Cette controverse à savoir la relation entre empathie et comportements d’entraide se place au sein d’un cadre théorique. Les enjeux seraient de voir dans quelle mesure l’apparition de l’empathie chez certains animaux peut moduler la grande diversité de comportements d’entraide. Et dans un plus vaste contexte, tenter de mieux comprendre la dynamique sociale. Dans cette synthèse, il s’agit dans un premier temps de donner une définition et des limites les plus précises possibles des termes utilisés.
La définition et les origines de l’empathie ne font pas consensus dans la littérature scientifique. Pour de nombreux chercheurs, l’empathie consiste à éprouver ce que les autres ressentent, et se superpose au concept de contagion émotionnelle. Pour certains, cela fait référence à une capacité cognitive complexe, telle que la théorie de l’esprit et la cognition sociale [1], pour d’autres elle est définit comme la capacité à être affecté et à partager l’état émotionnel d’un individu [2].
D’un point de vue neurobiologique, il est intéressant de se pencher sur les mécanismes d’origine neurale.

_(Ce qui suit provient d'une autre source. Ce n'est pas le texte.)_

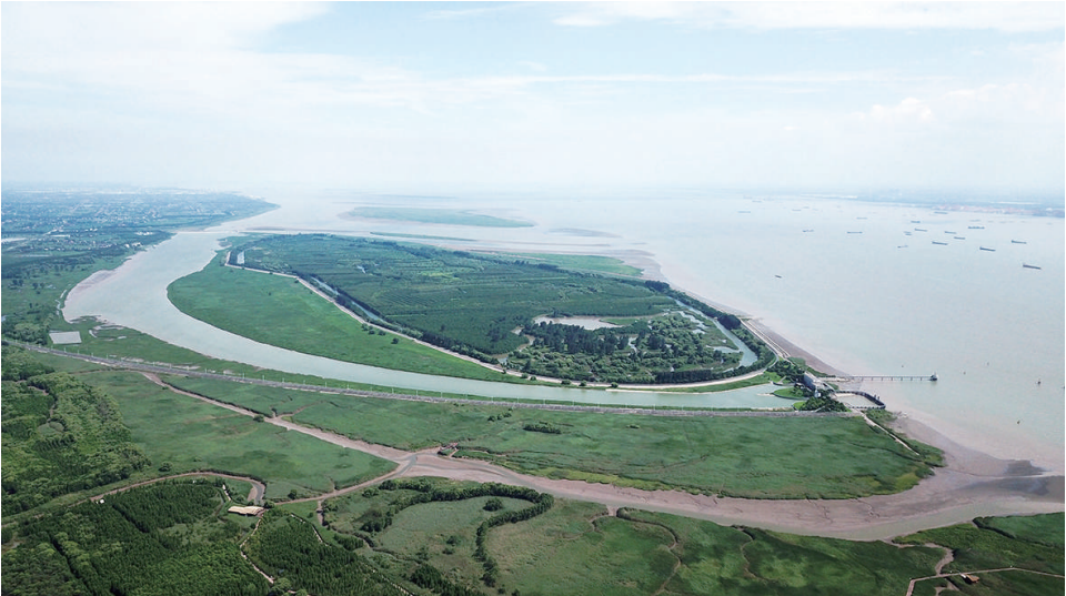
这是2023年7月25日拍摄的上海崇明西沙湿地公园(无人机照片)。

两年多前，同样在江苏，习近平总书记在南京主持召开全面推动长江经济带发展座谈会时指出：“要保护好长江文物和文化遗产，深入研究长江文化内涵，推动优秀传统文化创造性转化、创新性发展。要将长江的历史文化、山水文化与城乡发展相融合，突出地方特色，更多采用‘微改

Pour illustrer ces éléments, nous pouvons citer les expressions faciales comme indicateurs de l’état physiologique ou émotionnel d’un individu [3]. Les neurones miroirssont pointés du doigt comme étant impliqués dans une forme fondamentale d’empathie. Leur implication structurelle complexe irait dans le sens d’une expérience partagée [3]. La dimension chimique de l’empathie peut aussi être vue dans la relation entre l’ocytocine et les comportements sociaux [4].
Sous un angle évolutif, il est possible d’émettre l’hypothèse que cette connexion émotionnelle ait évolué sous la pression de contraintes sélectives liées aux soins parentaux. Ces aptitudes empathiques seraient donc phylogénétiquement anciennes [5]. En revanche, certains scientifiques défendent l’idée que l’empathie ne serait pas liée à l’hérédité et se construirait au cours du développement grâce aux interactions sociales [6].
Le terme générique de comportements prosociaux réfère aux comportements d'entraide. La coopération correspond à des actions réciproques entre individus. Les bénéfices engendrés par l'action coopérative sont généralement directs et positifs pour le destinataire. Il est possible d'ajouter une nuance de temps à cette définition, puisque les bénéfices ne sont pas forcément immédiats. En revanche, dans le cas de l'altruisme les bénéfices sont souvent unilatéraux, ce comportement est uniquement bénéfique pour le receveur.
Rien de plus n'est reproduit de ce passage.